Good luck. I'd take it slow and not rush into anything. In other words, don't get remarried again in 6 months like quite a few of my male divorced friends have done and wind up in the same situation you were in before with the first wife.


----------



## Atholk (Jul 25, 2009)

At 40 you can have a lot of fun with all the lonely horny women out there.

You might like my blog as a starting point to learn some confidence and skill with seduction. I focus on marriage in general, but many of the blogs in my sidebar focus on dating.

Personally I have to resist the temptation to date and sleep around on my wife. Women these days are ridicuously easy to have sex with.


----------



## SimplyAmorous (Nov 25, 2009)

And whatever you do, since you are on the more NICER side of Men, do not jump in too fast with the 1st good looking woman you meet and start making promises, feeling you found the love of your life. I have a male friend, 44, whose wife left him too- once she lost alot of weight (yeah he paid for the surgery) - result --discovered other men were interested & she was on the prowl. She divorced him. Partying it up & getting tatooes, getting drunk, she went NUTS with the freedom. (and she was a Respectable Teacher!) 

He made the mistake of jumping in TOOO fast because he was lonely & craves affection & all sorts of complications & hurt was going on with this new girlfriend. Difficult breakup, alot of hurt. 

I gave him some good advice --- date as many as you possibly can and make NO promises to any of them -cause chances are you will need to meet about 50 before you find a good match for yourself - a stable long lasting match. So now he has 3 women, he tells them all he is dating others and taking his time and they are literally "falling at his feet". "Hold on Loosely" - as the song goes.

Sounds to me like you need a Nympho (since you have been missing that for most of your marraige )- should be able to find many of these in the late 30's -early 40's --this IS the "Cougar" stage after all ! But you also need to find a "HomeBuddy" like yourself. Make sure you have the same ideas about Money (always a plus). And your personalities compliment each other. 

Discover her Love Languages & make sure you speak similar so life & Love will come easier & naturally. Have a few fights before any commitments, understand each others ways of resolving conflict, make sure it "works".

Not all women in their 40's get wild in the Partying sense. Some get wild in other ways - My wildness has strictly been in the sexual sense, I could care less about going out dancing & partying, or taking on a new cause. I just wanted more excitement in one place - The bedroom. 

Women are generally looking for Good Looks and/or $$. Your market value goes up if you have at least one of these, you will get plenty more dates. 
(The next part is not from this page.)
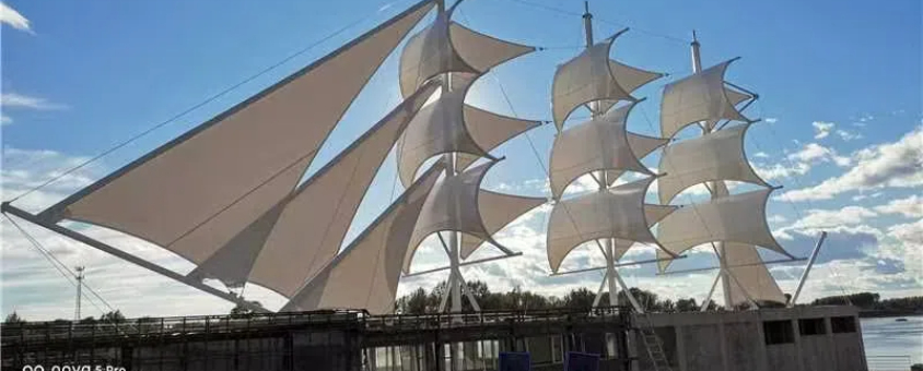 黑龍江省鐵力市景觀膜結(jié)構(gòu)工程“風(fēng)帆”已接近完工,工程以“風(fēng)帆”為靈感設(shè)計了一組景觀裝置,豎起的鋼管桅桿,膜材張拉出風(fēng)帆形狀,似一艘巨輪揚帆啟航。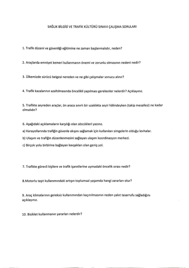 SAĞLIK BİLGİSİ VE TRAFİK KÜLTÜRÜ SINAVI SORULARI CEVAPLARI

Men are generally looking for 3 things:

1. Good Looks
2. Being Sane 
3. Available 

That single male friend said it is very difficult to find all 3, he has met plenty with 2 , but has yet to hit the Jackpot for all 3. I think many men would want to add #4 -having a decent sex drive too! 

All kinds of women out there! 


-


----------



## Atholk (Jul 25, 2009)

SimplyAmorous said:


> I have a male friend, 44, whose wife left him too- once she lost alot of weight (yeah he paid for the surgery) - result --discovered other men were interested & she was on the prowl. She divorced him. Partying it up & getting tatooes, getting drunk, she went NUTS with the freedom. (and she was a Respectable Teacher!)


Any time a wife askes her husband for surgery to improve her looks, he's looking at a major Fitness Test. They usually take the surgery and run off with someone else.

On the bright side, he's probably better off anyway.


----------



## southbound (Oct 31, 2010)

SimplyAmorous said:


> And whatever you do, since you are on the more NICER side of Men, do not jump in too fast with the 1st good looking woman you meet and start making promises, feeling you found the love of your life. I have a male friend, 44, whose wife left him too- once she lost alot of weight (yeah he paid for the surgery) - result --discovered other men were interested & she was on the prowl. She divorced him. Partying it up & getting tatooes, getting drunk, she went NUTS with the freedom. (and she was a Respectable Teacher!)
> 
> He made the mistake of jumping in TOOO fast because he was lonely & craves affection & all sorts of complications & hurt was going on with this new girlfriend. Difficult breakup, alot of hurt.
> 
> ...


Good points for thought! It's odd how one's everyday personality doesn't always match their sexual personality. I am laid back in everyday life, but I would love a woman who likes it hot in the bedroom.


----------



## Therealbrighteyes (Feb 11, 2010)

Atholk said:


> At 40 you can have a lot of fun with all the lonely horny women out there.
> 
> You might like my blog as a starting point to learn some confidence and skill with seduction. I focus on marriage in general, but many of the blogs in my sidebar focus on dating.
> 
> Personally I have to resist the temptation to date and sleep around on my wife. Women these days are ridicuously easy to have sex with.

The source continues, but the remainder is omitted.